SUPPLIED DATA section start
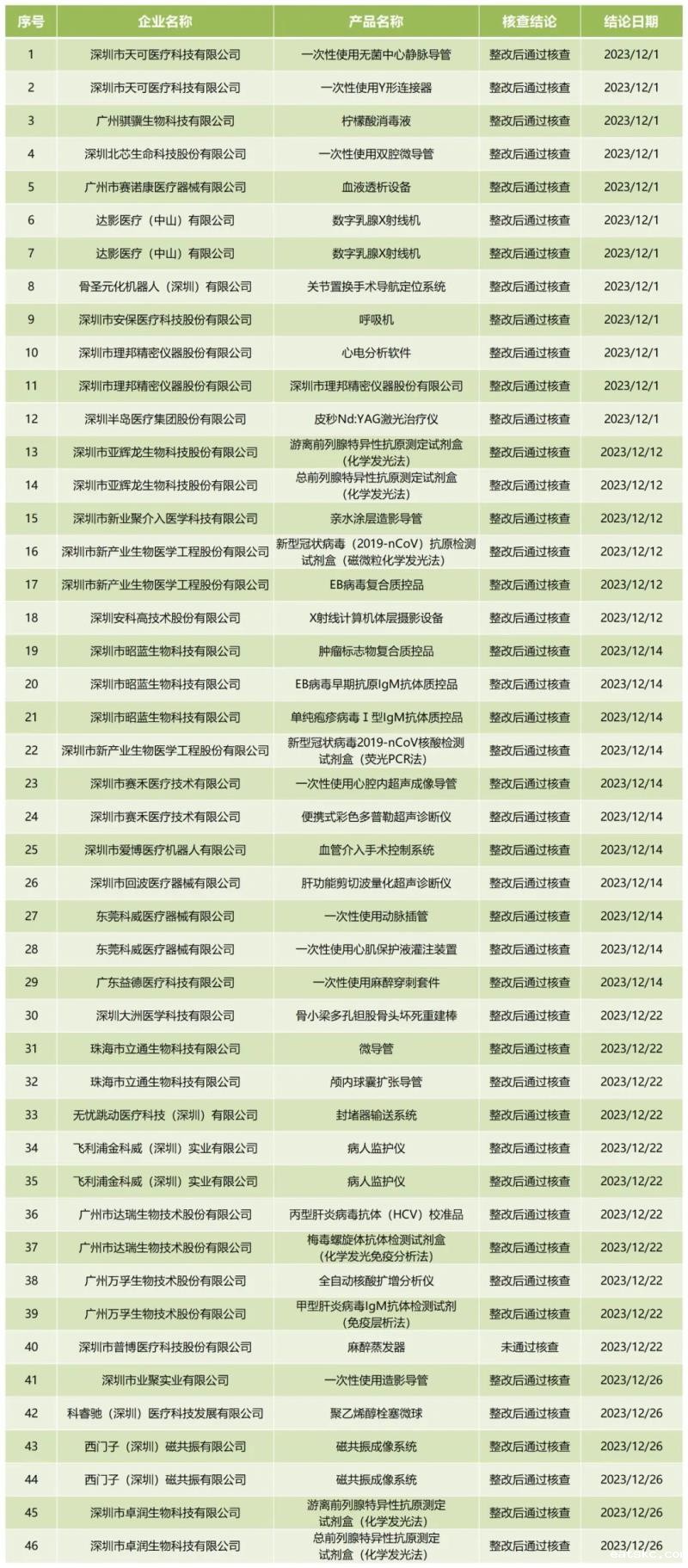 1月22日,广东省药监局官网公布2023年12月医疗器械注册质量管理体系核查结果,包括深圳半岛医疗集团股份有限公司、深圳市新产业生物医学工程股份有限公司、飞利浦金科威(深圳)实业有限公司在内的30家公司共计46款产品,其中45款产品为“整改后通过核查”,有一款产品“未通过核查”。具体明细见下方表格:
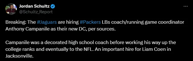 According to Jordan Schultz, the Jaguars have hired Anthony Campanile as their new defensive coordinator, filling the position left by Ryan Nielsen, who spent just one season in Jacksonville after coming over from Atlanta.
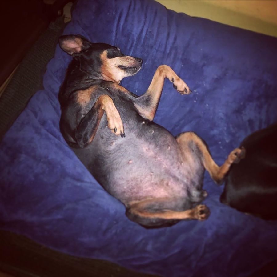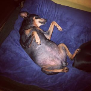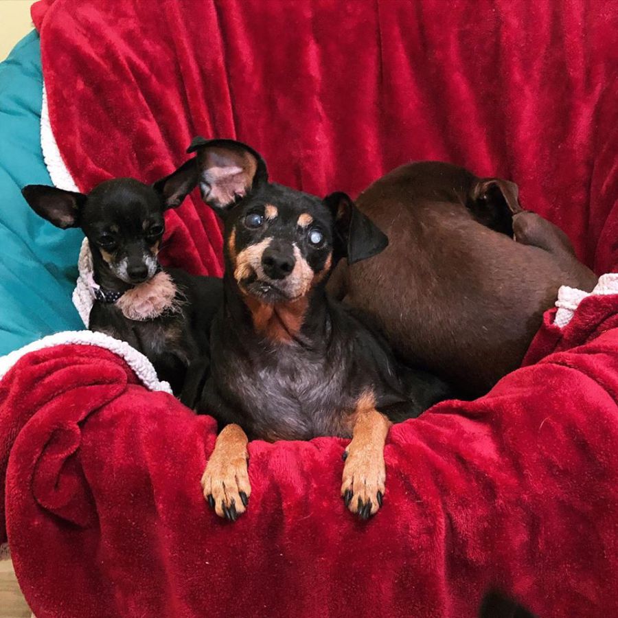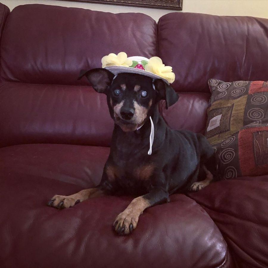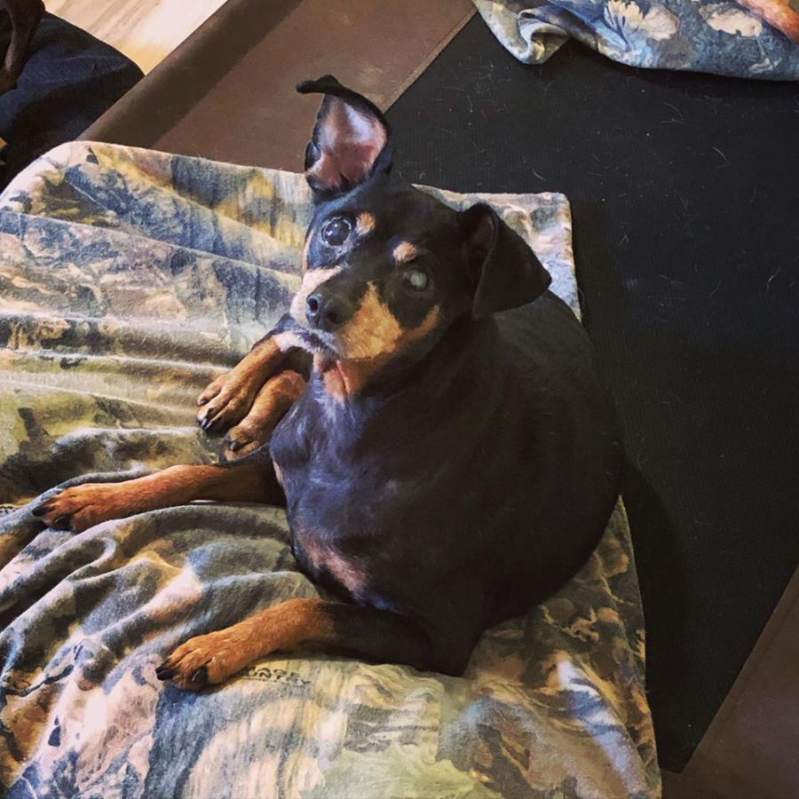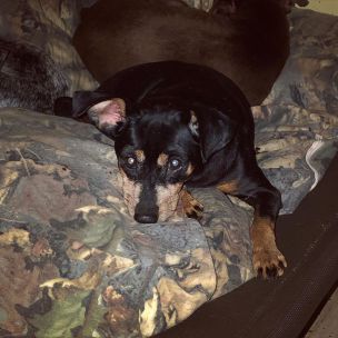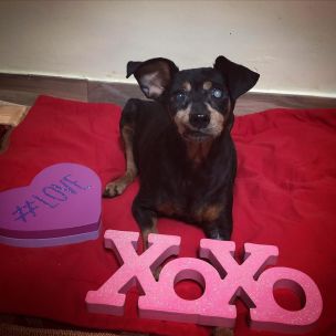 This sweet little girl is our Patty Duke. She's a sweet 10 year old MinPin girl who was rescued from our local animal control in pretty bad shape. She seemed to have q bit of a ruff life before joining us but that has not affected her sweet and loving demeanor. She just adores everyone she meets. She has been fully vetted and does have a couple health issues. She is vision imapired due to cataracts and she had ehrlichia (which is a tick borne disease) she has been treated but it does lie dormant and symptoms can reoccur if her immune system is stressed. She would do great in any home with her super loving personality. If you would like to make this sweet senior lady part of your family, please email us at nuggetvillebrigade@gmail.com. You can also follow Patty Duke on acebook, her folder link can be found here
SUPPLIED DATA section end
◆ WHAT YOU NEED TO DO
Exactly as they stand, set down the lines from the start of the material through the line with "According to Jordan", both ends included, omitting the pictures.

◆ RESPONSE AREA
 1月22日,广东省药监局官网公布2023年12月医疗器械注册质量管理体系核查结果,包括深圳半岛医疗集团股份有限公司、深圳市新产业生物医学工程股份有限公司、飞利浦金科威(深圳)实业有限公司在内的30家公司共计46款产品,其中45款产品为“整改后通过核查”,有一款产品“未通过核查”。具体明细见下方表格:
 According to Jordan Schultz, the Jaguars have hired Anthony Campanile as their new defensive coordinator, filling the position left by Ryan Nielsen, who spent just one season in Jacksonville after coming over from Atlanta.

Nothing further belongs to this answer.